# Site that quotes historic dividend YIELDS directly?



## telstrareg (26 April 2007)

Hi. I just wanted to save the time of calculating the yields from the payout and then having to look up the share price on the ex date.


----------



## happypuppycn (2 May 2007)

Same to u ! Is there anyone provide such help?


----------



## rub92me (2 May 2007)

Yep, Just Google something like 'asx dividend yield data' and click on the links that look promising


----------



## telstrareg (2 May 2007)

rub92me said:


> Yep, Just Google something like 'asx dividend yield data' and click on the links that look promising




Genius! Now where do I find this Google thing?


----------



## rub92me (2 May 2007)

telstrareg said:


> Genius! Now where do I find this Google thing?
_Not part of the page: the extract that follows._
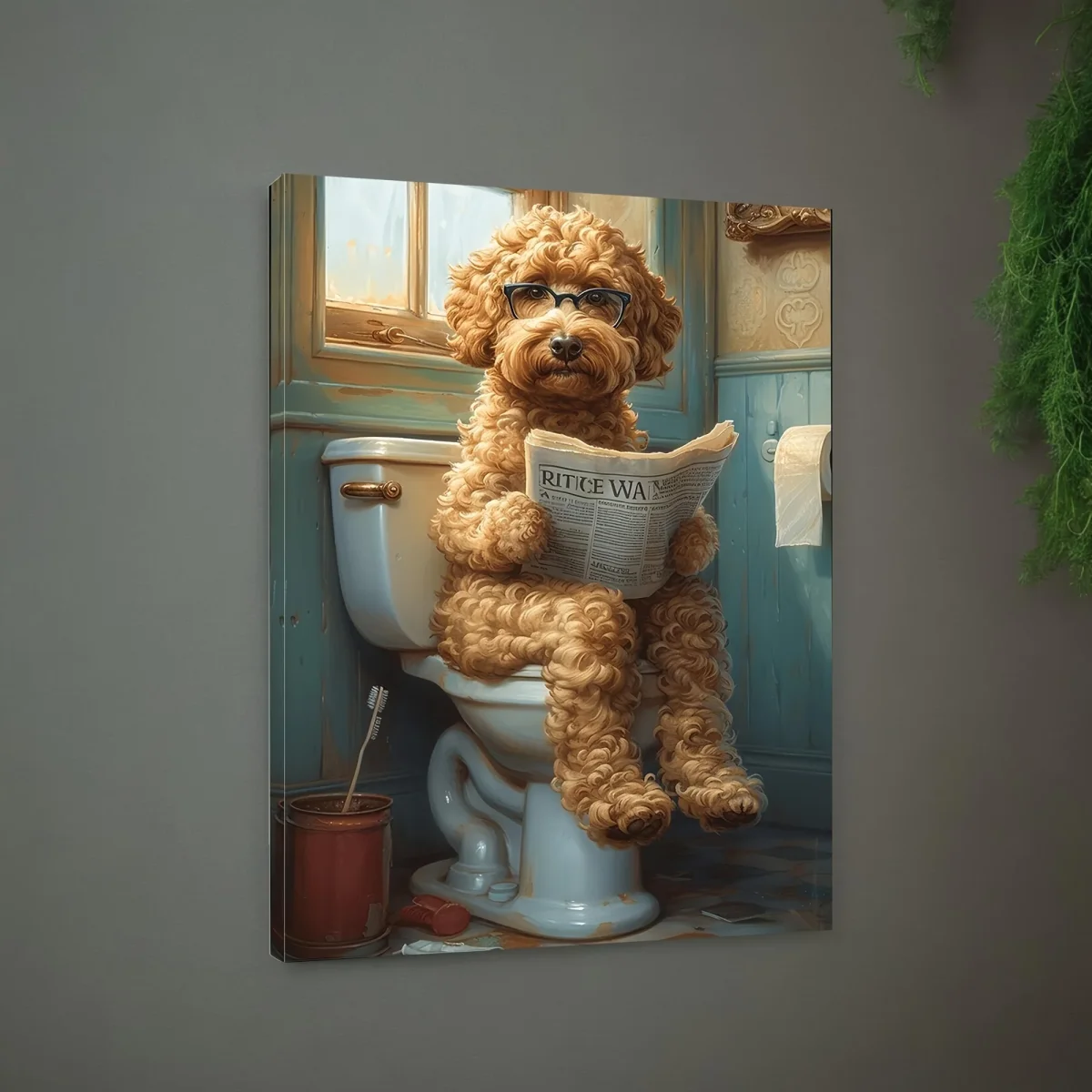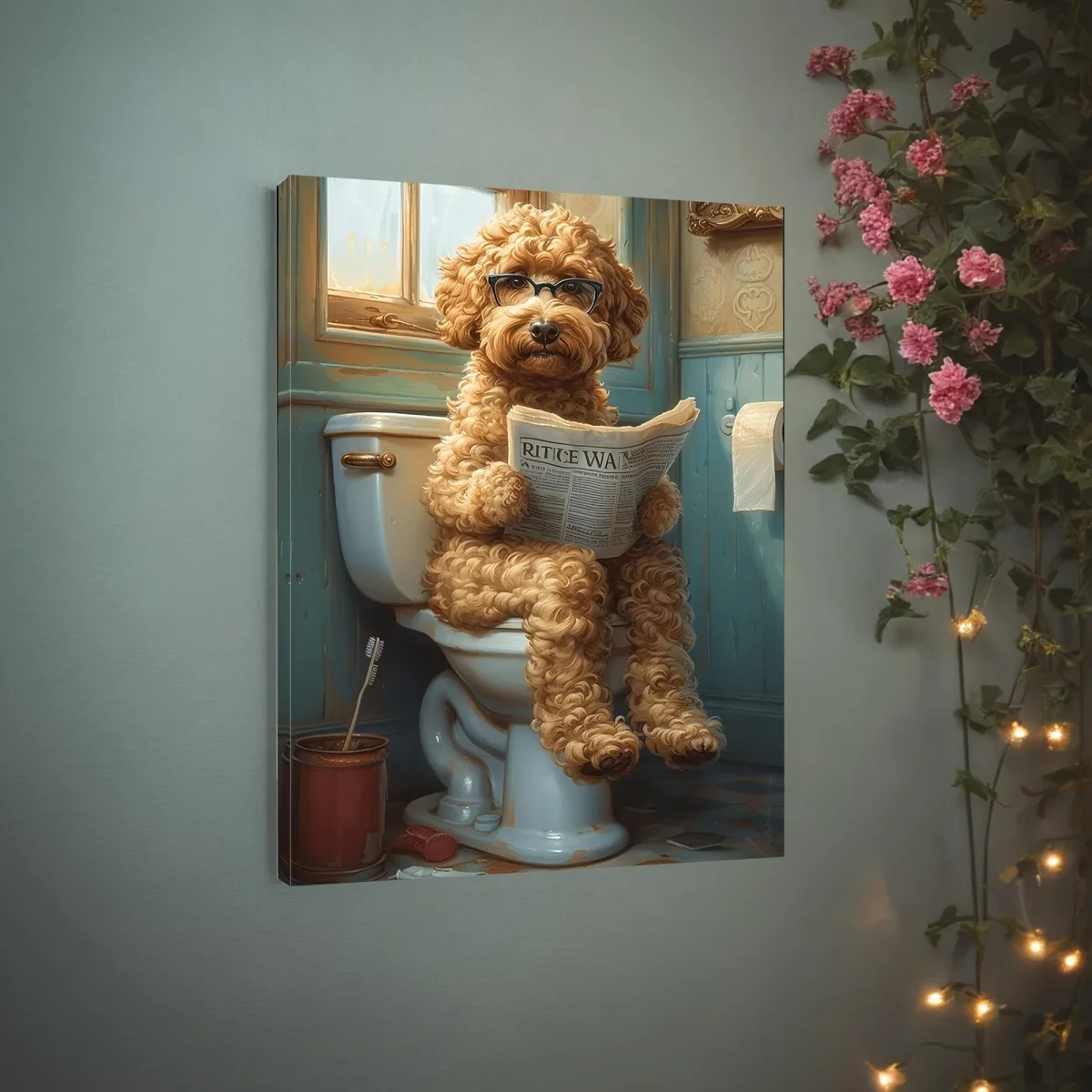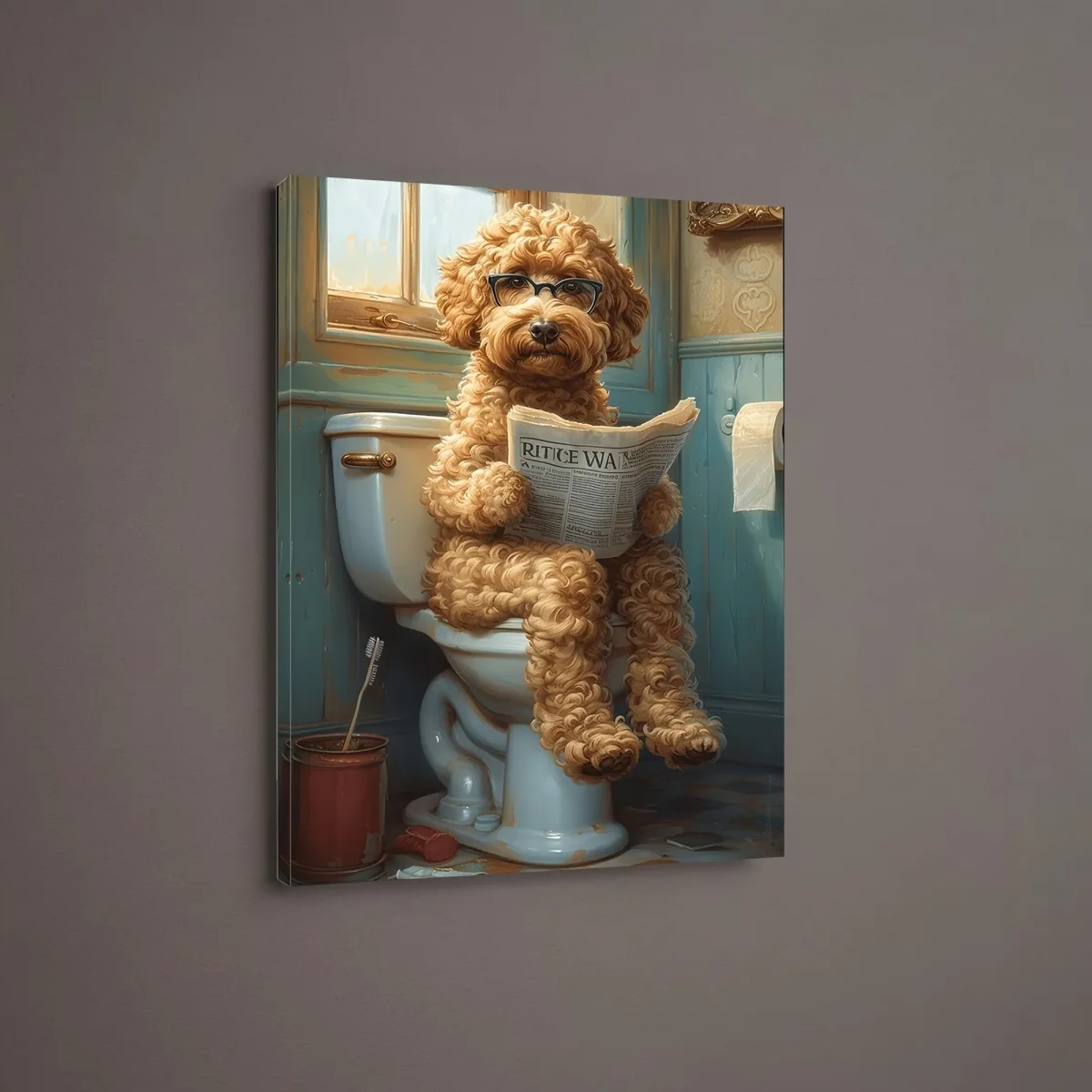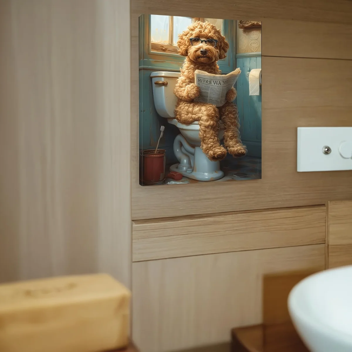 Deze Goldendoodle canvas wandkunst is een unieke toevoeging aan uw badkamer, perfect voor hondenliefhebbers die hun ruimte willen opvrolijken met iets humoristisch en stijlvol. Met een gedetailleerde afbeelding van een Goldendoodle die de krant leest op het toilet, brengt dit kunstwerk gegarandeerd een glimlach op uw gezicht en zorgt het voor een unieke sfeer in uw badkamer of andere leefruimte.

Start Internet Explorer (or Firefox or other browser)
Type in www.google.com in the little box that shows the URL
Hit enter key (usually on the right side of your keyboard)
Put the words 'asx dividend yield data' in the search box
Hit enter key again.
Search results will appear as if by magic.
Cool huh?


----------



## telstrareg (2 May 2007)

rub92me said:


> Start Internet Explorer (or Firefox or other browser)
> Type in www.google.com in the little box that shows the URL
> Hit enter key (usually on the right side of your keyboard)
> Put the words 'asx dividend yield data' in the search box
> ...





Legend!


----------



## richardgary (28 July 2012)

I would like to say dividend yield is one of the main factors which are considered when investing in dividend-paying stocks. Therefore watch out "dividend traps," however -- stocks having a dividend yield of 10% and above than you should surely invest.


----------



## Julia (28 July 2012)

richardgary said:


> I would like to say dividend yield is one of the main factors which are considered when investing in dividend-paying stocks. Therefore watch out "dividend traps," however -- stocks having a dividend yield of 10% and above than you should surely invest.



Do you mean we should surely invest in any stocks having a dividend yield of 10% and above?
Is there no downside to this, do you think?

Could you tell us just what is a 'dividend trap'.


----------